When you copy from the entries that follow, take only the lines from the one with "At the entrance" down to the one with "У Києві на Майдані", keeping both ends and dropping every picture.

▸ DATA:

◇ ◇ ◇ ◇

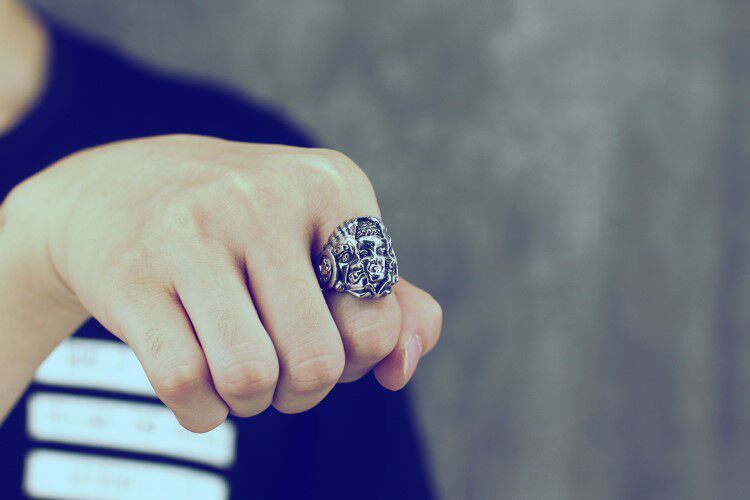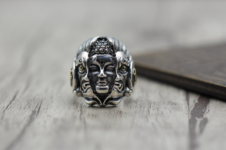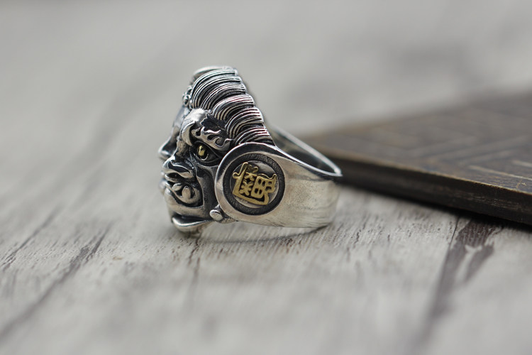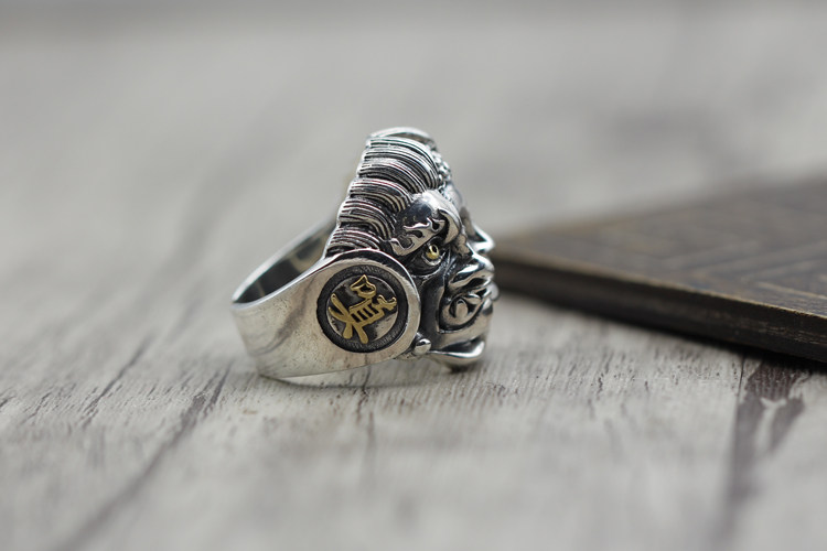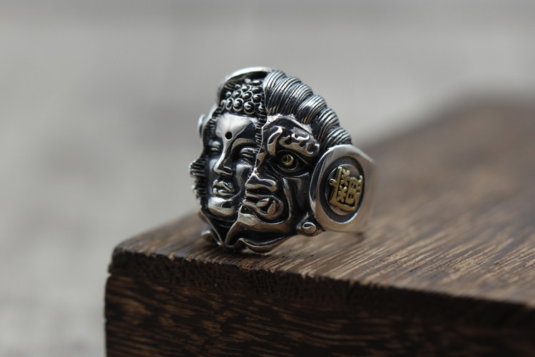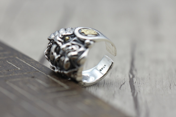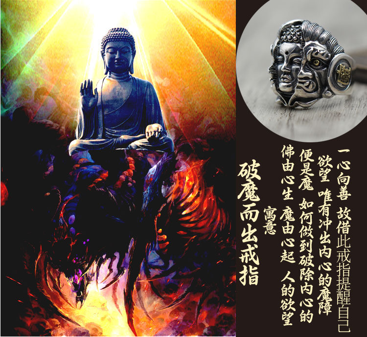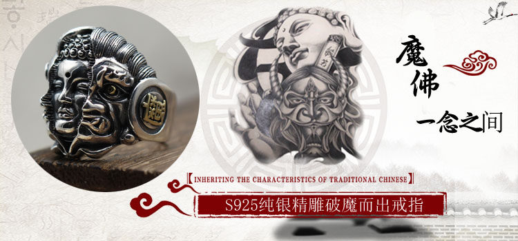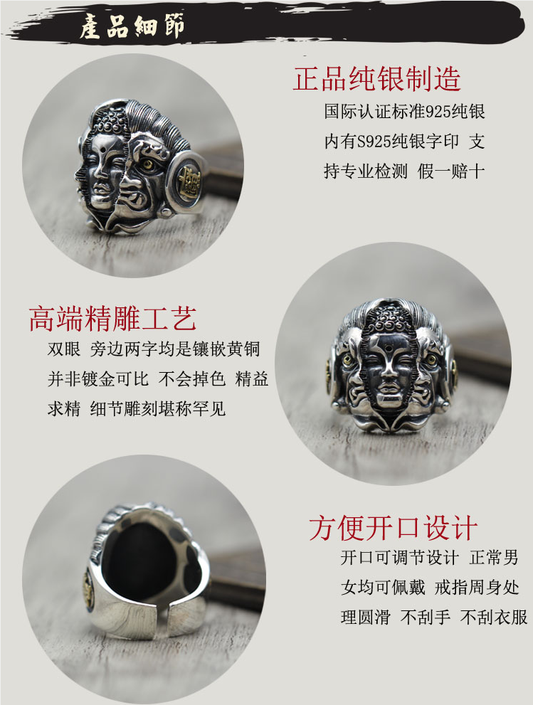 纯银潮人饰品复古霸气食指开口指环佛魔一念之间个性泰银男士戒指
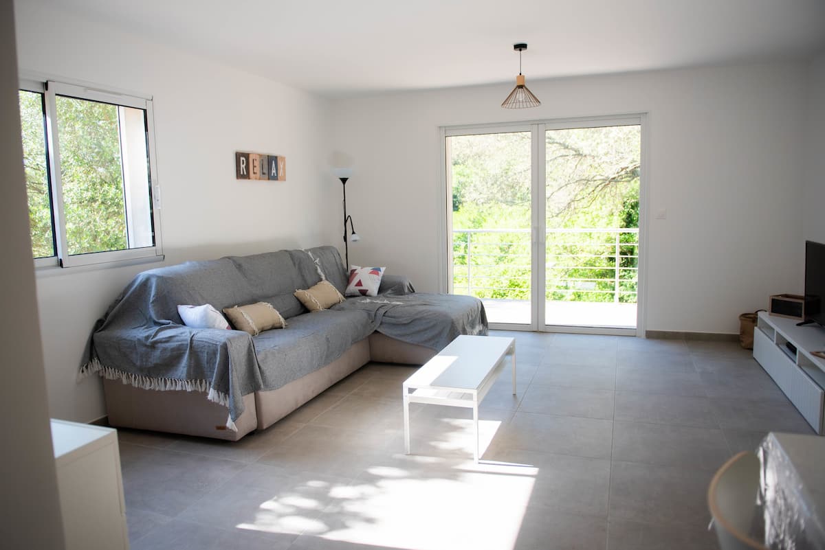 At the entrance of a small typically Corsican hamlet in a quiet area while being close to the first amenities, the first beaches 15 minutes away, the mountains and the rivers 40 minutes away.
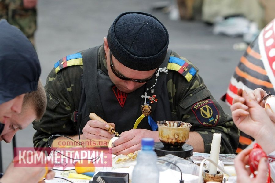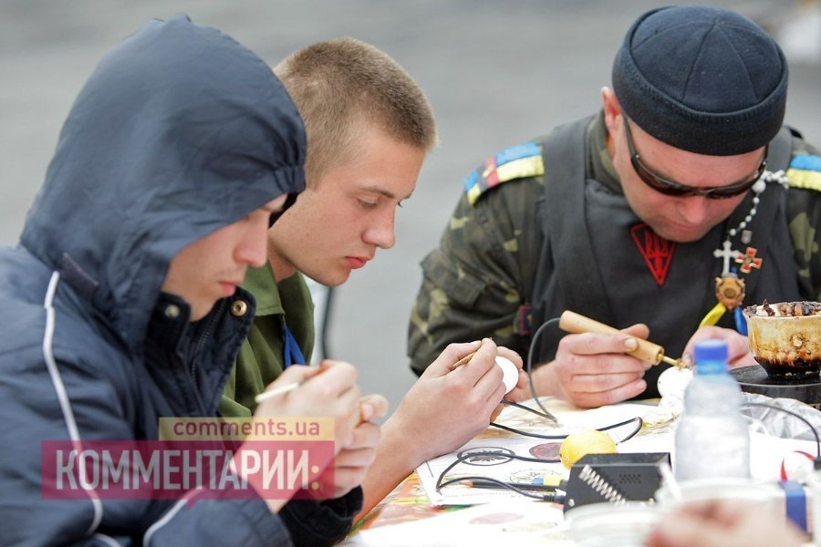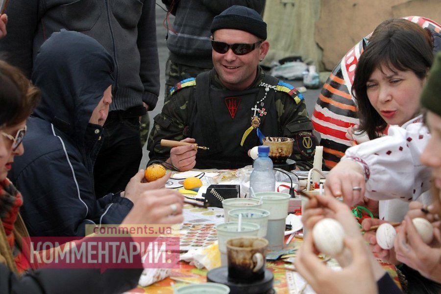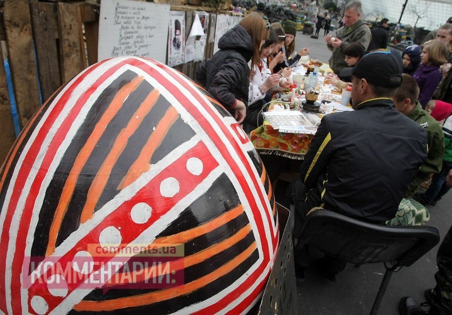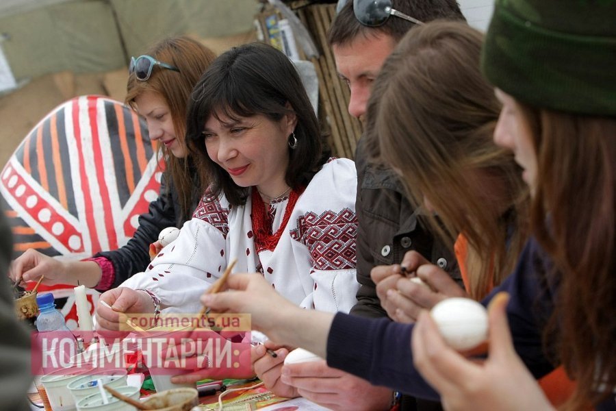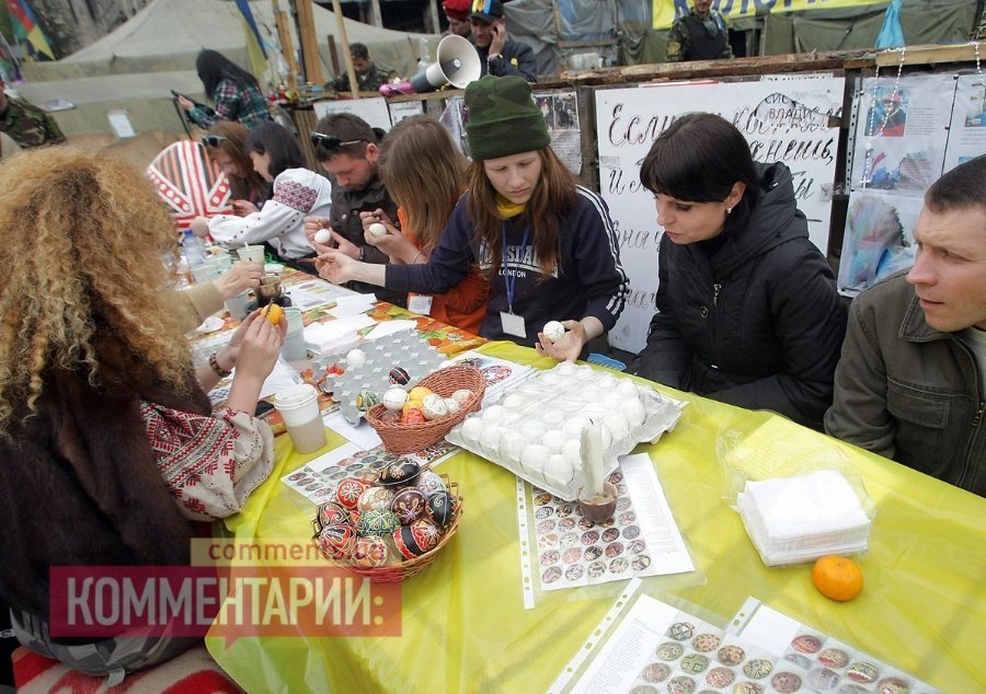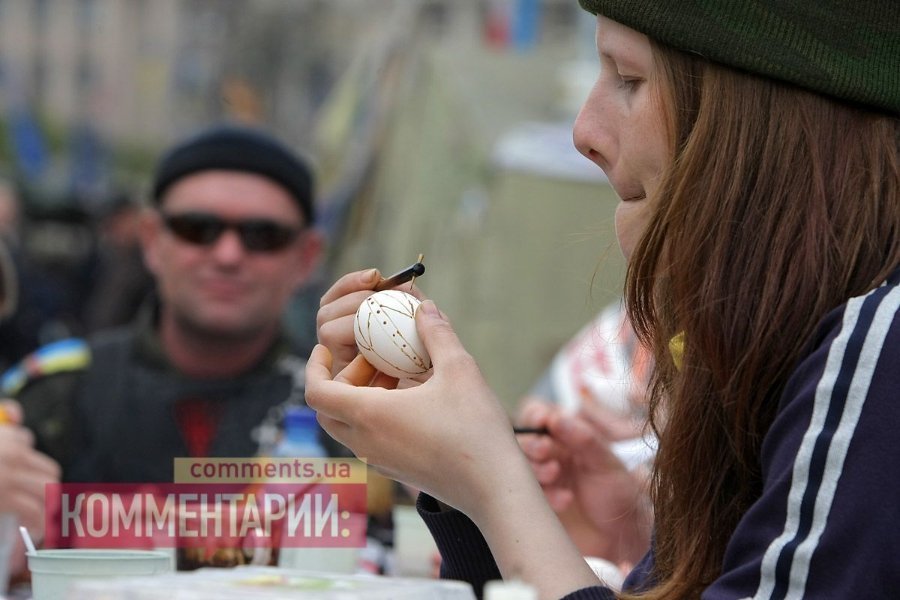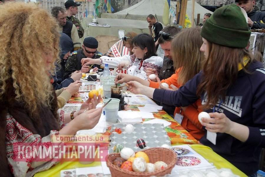 У Києві на Майдані революціонери готуються до Пасхи: активісти розписували яйця.
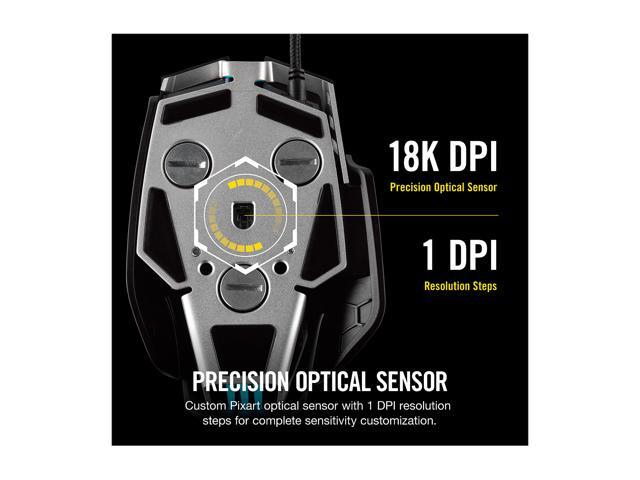 - CORSAIR’s Most Advanced Optical Gaming Sensor:Native 18,000 DPI, adjustable in 1 DPI resolution steps, gives you total sensitivity customization and ultra accurate tracking
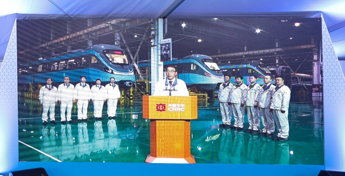 Во время прямого включения с китайским заводом CRRC Tangshan премьер-министру представили первые вагоны, которые сейчас собираются с использованием технологий, применяемых в высокоскоростных поездах. Всего для LRT будет изготовлено 19 четырёхсекционных составов, каждый из которых рассчитан на перевозку до 650 человек. Поезда будут оборудованы 36 мониторами, 11 камерами видеонаблюдения и системой автоматического беспилотного управления. В конструкции применяются современные материалы: алюминиевые кузова, эластичные колёса, многослойные окна и прочные сиденья из органосиликатной кожи.

◇ ◇ ◇ ◇

▸ EXERCISE SOLUTION:
 At the entrance of a small typically Corsican hamlet in a quiet area while being close to the first amenities, the first beaches 15 minutes away, the mountains and the rivers 40 minutes away.
 У Києві на Майдані революціонери готуються до Пасхи: активісти розписували яйця.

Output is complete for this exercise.